I should b very helpful to you people for your replies.

Muhammad Asif


----------



## ADVICEREQUESTOR

*Visa time*



masif49 said:


> Dear All,
> 
> I have submitted my all the attested documents for UAE employement Or Entry Permint On 18-July-2013. But I not recived my entry permit to UAE yet. Whenever i call to the employer your visa in process you will get in 2 to 3 days. But Now it has taken au full month. The people of other professions Like Gardner Plumber etc have recivedd their visa a week before. They applied the visa in the same days with me. But My trade is engineer and till date i have not recived my visa.
> 
> I am worried because i have resigned from my previous job.
> 
> Please let me know about the genral processing time.
> 
> I should b very helpful to you people for your replies.
> 
> Muhammad Asif


What type of company (private/government) is there for which you intend to work?

May be if it is government company, time required is combination of security clearance and then Visa.

For private company, I think, it should be less than 1 Month.


----------



## masif49

This is a private firm. Other people like plumber fixer, they have got thier visas. But i still not have recived my visa.


----------



## ADVICEREQUESTOR

masif49 said:


> This is a private firm. Other people like plumber fixer, they have got thier visas. But i still not have recived my visa.

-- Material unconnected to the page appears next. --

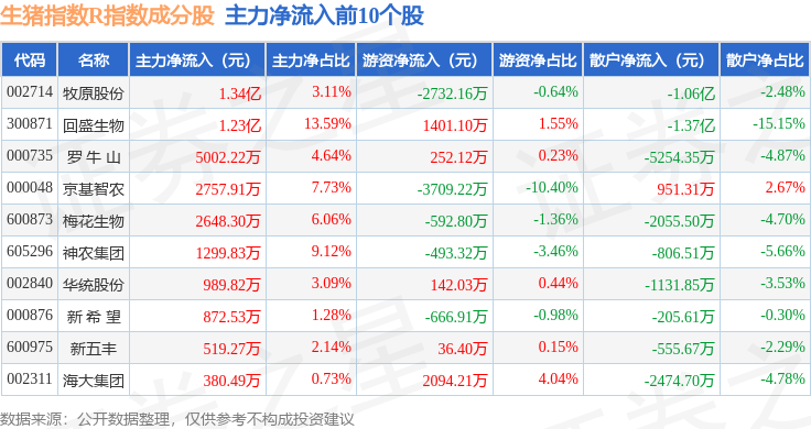 资金流向方面,生猪指数R(480073)指数成份股当日主力资金净流出合计1.29亿元,游资资金净流入合计8370.45万元,散户资金净流入合计4548.43万元。成份股资金流向详情见下表:

Could u get the ABU DHABI employement visa?


----------



## masif49

no i did not recived my entry permit yet...


----------



## ihabfarag

Th Jan. 16, 2014
Hello. How is your Visa status? Hopefully you are in UAE? Ihab Farag


----------



## ihabfarag

*The Petroleum Institute, Abu Dhabi*

Hello
I am not sure how to start a new thread so I am responding to this one.
I am a US Citizen and currently in the US.
I received an offer to teach at the Petroleum Institute (PI), Abu Dhabi, in June 2013. I sent in my attested documents and a copy of my passport to the PI Human Resources (HR) on Aug. 15, 2013. The PI HR acknowledged receiving my documents. I have been waiting for my work/Visa entry to UAE since then. It has been 6 month now. After several inquiries I found out that the PI has not yet applied to the General Directorate of Residence and Foreigners Affairs (GDRFA) for my work/visa entry. I was told that the PI, which is part of ADNOC, is a government entity and needs to obtain security clearance before applying for my visa. My papers were submitted to a government agency for security check. I do not know the name or location of that government agency. The PI HR told me there is nothing that could be done until the government agency gives its OK. I offered to fly to UAE at my own expense and meet with that government agency to help move the approval process. The PI said no meeting could be arranged with that government agency. Every time I inquire at the PI I am told " your status is still under process".
Does this sound familiar? Do I have any option to expedite the security approval process, which has taken more than 6 moth now?
Thank you.
Ihab Farag


----------



## Star_Psy

*Join the club, ...albeit involuntarily*



ihabfarag said:


> Hello
> I am not sure how to start a new thread so I am responding to this one.
> I am a US Citizen and currently in the US.
> I received an offer to teach at the Petroleum Institute (PI), Abu Dhabi, in June 2013. I sent in my attested documents and a copy of my passport to the PI Human Resources (HR) on Aug. 15, 2013. The PI HR acknowledged receiving my documents. I have been waiting for my work/Visa entry to UAE since then. It has been 6 month now. After several inquiries I found out that the PI has not yet applied to the General Directorate of Residence and Foreigners Affairs (GDRFA) for my work/visa entry. I was told that the PI, which is part of ADNOC, is a government entity and needs to obtain security clearance before applying for my visa. My papers were submitted to a government agency for security check. I do not know the name or location of that government agency. The PI HR told me there is nothing that could be done until the government agency gives its OK. I offered to fly to UAE at my own expense and meet with that government agency to help move the approval process. The PI said no meeting could be arranged with that government agency. Every time I inquire at the PI I am told " your status is still under process".
> Does this sound familiar? Do I have any option to expedite the security approval process, which has taken more than 6 moth now?
> Thank you.
> Ihab Farag


Well, you're not alone. I've been offered a teaching position at a university in Abu Dhabi as well. My docs were submitted in early August 2013. Unlike you, however, I was informed and made aware of the security check involved. 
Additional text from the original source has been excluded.